Relationship labels use **snake_case verbs** (e.g. `works_on`, `manages`, `uses`,
`knows`, `located_in`, `part_of`, `created_by`).
## JSON Parsing
The raw model response is matched with `/\{[\s\S]*\}/` before parsing — this
tolerates any preamble or trailing prose the model emits alongside the JSON.

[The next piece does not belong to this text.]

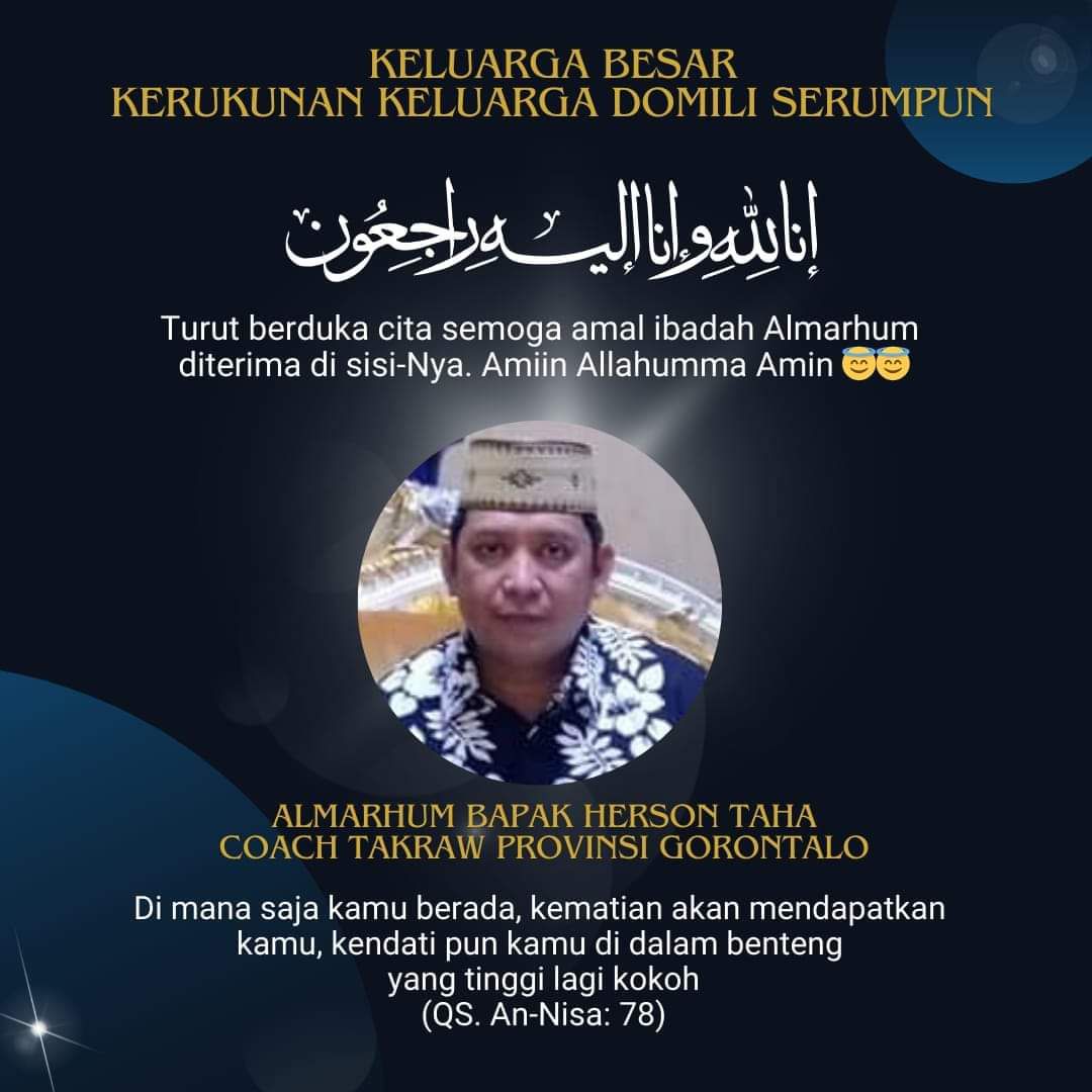 Pemerintah Kabupaten Aceh Timur menyampaikan rasa Turut berbelasungkawa atas berpulang kerahmatullah Harsono A Taha alias Herson Taha, pelatih cabang olahraga (Cabor) sepak takraw asal Gorontalo pada Pekan Olahraga Nasional (PON) XXI Aceh-Sumut. Sabtu, (14/9/2024).

If the match fails or `JSON.parse` throws, the function logs a warning and
returns without writing anything.
## Entity Processing
For each entity in `parsed.entities`:
1. Validate `name`, `type` (must be in `ENTITY_TYPES`), and not in `IGNORED_NAMES`
2. Call `upsertEntity(name, type, notes)`:
- **Insert**: creates new row with `mention_count = 1`, `source = 'extraction'`
- **Conflict** on `(name, type)`: increments `mention_count`, updates `last_seen_at`, preserves existing `notes` if new extraction returns null
3. Add to `entityMap` keyed by `"${name}::${type}"` — used for relationship resolution below
4. Call `linkEntityToEpisode(entity.id, episodeId)` — writes to `entity_episodes` join table
5. Fire-and-forget: embed as `"${name} (${type}): ${notes}"` → store to Qdrant `entities` collection with `{ name, type, notes, projectId }` in payload
**Valid entity types:** `person`, `place`, `project`, `technology`, `concept`, `organization`
**Stoplist (ignored names):** `good morning`, `good night`, `hello`, `goodbye`, `thanks`, `thank you`
## Relationship Processing
After all entities are saved, relationships are processed:
1. For each entry in `parsed.relationships`, look up both endpoints in `entityMap` using `"${from}::${fromType}"` and `"${to}::${toType}"` as keys
2. If either endpoint is missing (filtered out, invalid type, or not in this extraction), the relationship is silently skipped
3. Call `upsertRelationship(fromId, toId, label, notes)`:
- **Insert**: creates new row with `mention_count = 1`
- **Conflict** on `(from_id, to_id, label)`: increments `mention_count`, preserves existing `notes` if new is null
Relationships are unidirectional in storage. Bidirectionality is handled at
query time by the graph traversal layer.
## Project Scoping
`projectId` is threaded through from the episode creation call. It is stored
in the Qdrant entity payload, which enables project-scoped entity search in
orchestration. SQLite entities and relationships are global — scoping only
applies at the Qdrant retrieval layer.
## Error Behaviour
All steps after the initial model call are wrapped in a single outer try/catch.
If Ollama is unreachable, returns a non-200 status, or the JSON cannot be
parsed, the function logs at `warn` level and returns. There is no retry logic.
Individual entity embedding failures are caught per-entity and logged at `warn`
level without affecting other entities in the same batch.